▶ YOUR ASSIGNMENT: Transcribe exactly the lines from the one containing "A vision of" through the end of the data, both included. Leave out pictures.

*** Opening PROVIDED MATERIAL ***

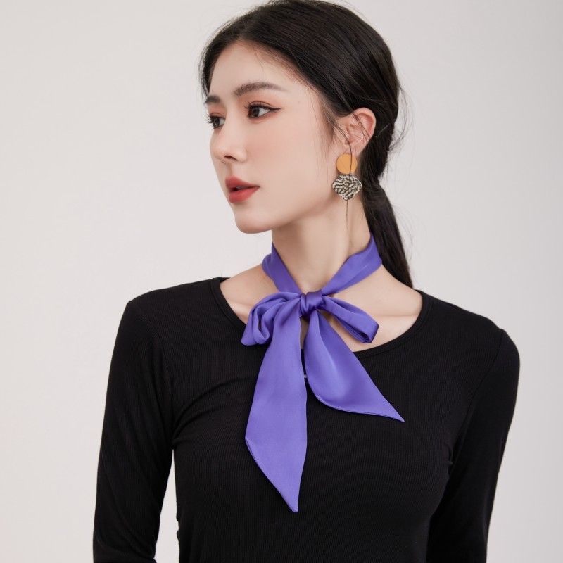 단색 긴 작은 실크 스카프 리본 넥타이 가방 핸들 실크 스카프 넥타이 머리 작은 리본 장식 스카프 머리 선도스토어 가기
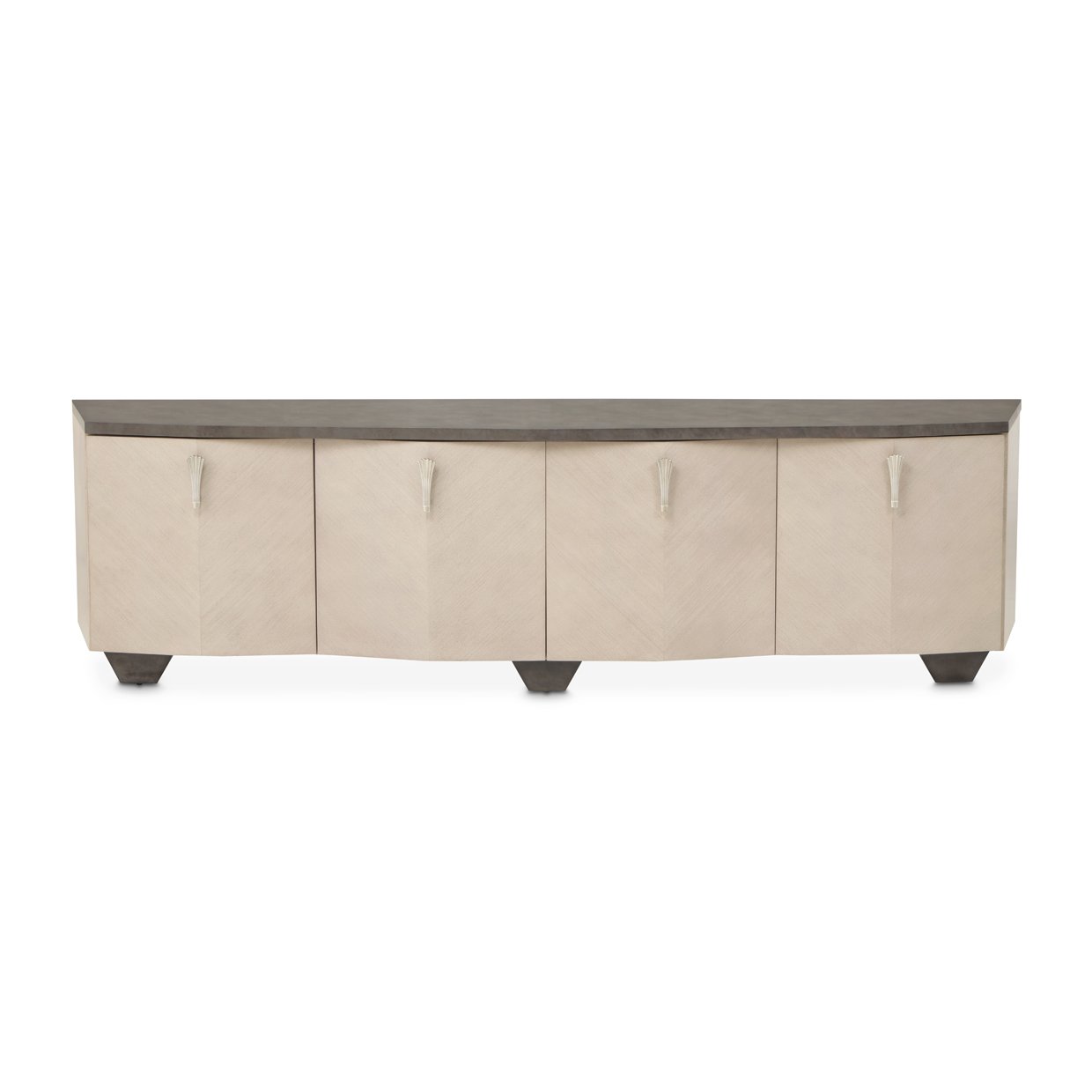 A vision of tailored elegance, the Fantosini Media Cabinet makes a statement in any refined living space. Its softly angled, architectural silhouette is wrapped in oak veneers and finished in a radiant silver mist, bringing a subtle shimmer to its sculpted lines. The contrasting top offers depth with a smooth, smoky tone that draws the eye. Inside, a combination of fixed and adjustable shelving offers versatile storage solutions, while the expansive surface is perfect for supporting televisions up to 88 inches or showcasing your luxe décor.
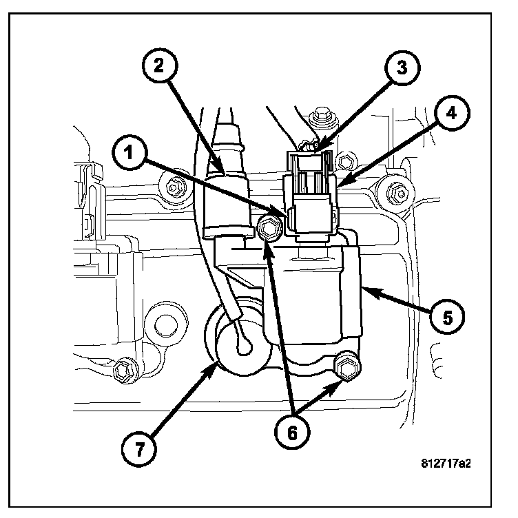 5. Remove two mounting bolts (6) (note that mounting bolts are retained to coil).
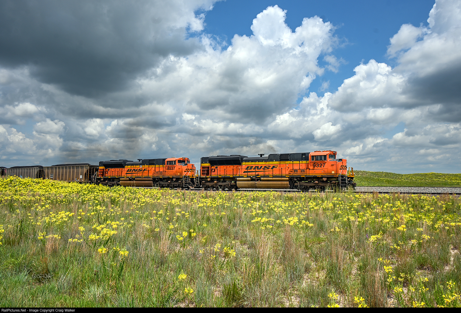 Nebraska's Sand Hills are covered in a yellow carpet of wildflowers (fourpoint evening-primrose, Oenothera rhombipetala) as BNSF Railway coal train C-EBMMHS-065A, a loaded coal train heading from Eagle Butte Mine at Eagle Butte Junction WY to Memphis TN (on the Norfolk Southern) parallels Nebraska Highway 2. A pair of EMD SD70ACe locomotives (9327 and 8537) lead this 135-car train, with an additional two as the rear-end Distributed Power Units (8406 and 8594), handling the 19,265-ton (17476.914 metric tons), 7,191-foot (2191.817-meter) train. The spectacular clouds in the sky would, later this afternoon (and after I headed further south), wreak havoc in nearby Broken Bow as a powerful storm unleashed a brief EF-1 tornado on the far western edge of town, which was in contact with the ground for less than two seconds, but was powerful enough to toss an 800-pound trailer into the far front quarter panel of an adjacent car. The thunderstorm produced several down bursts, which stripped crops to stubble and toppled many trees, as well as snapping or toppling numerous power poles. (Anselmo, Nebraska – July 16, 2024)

*** Closing PROVIDED MATERIAL ***

▶ REPLY:
 A vision of tailored elegance, the Fantosini Media Cabinet makes a statement in any refined living space. Its softly angled, architectural silhouette is wrapped in oak veneers and finished in a radiant silver mist, bringing a subtle shimmer to its sculpted lines. The contrasting top offers depth with a smooth, smoky tone that draws the eye. Inside, a combination of fixed and adjustable shelving offers versatile storage solutions, while the expansive surface is perfect for supporting televisions up to 88 inches or showcasing your luxe décor.
 5. Remove two mounting bolts (6) (note that mounting bolts are retained to coil).
 Nebraska's Sand Hills are covered in a yellow carpet of wildflowers (fourpoint evening-primrose, Oenothera rhombipetala) as BNSF Railway coal train C-EBMMHS-065A, a loaded coal train heading from Eagle Butte Mine at Eagle Butte Junction WY to Memphis TN (on the Norfolk Southern) parallels Nebraska Highway 2. A pair of EMD SD70ACe locomotives (9327 and 8537) lead this 135-car train, with an additional two as the rear-end Distributed Power Units (8406 and 8594), handling the 19,265-ton (17476.914 metric tons), 7,191-foot (2191.817-meter) train. The spectacular clouds in the sky would, later this afternoon (and after I headed further south), wreak havoc in nearby Broken Bow as a powerful storm unleashed a brief EF-1 tornado on the far western edge of town, which was in contact with the ground for less than two seconds, but was powerful enough to toss an 800-pound trailer into the far front quarter panel of an adjacent car. The thunderstorm produced several down bursts, which stripped crops to stubble and toppled many trees, as well as snapping or toppling numerous power poles. (Anselmo, Nebraska – July 16, 2024)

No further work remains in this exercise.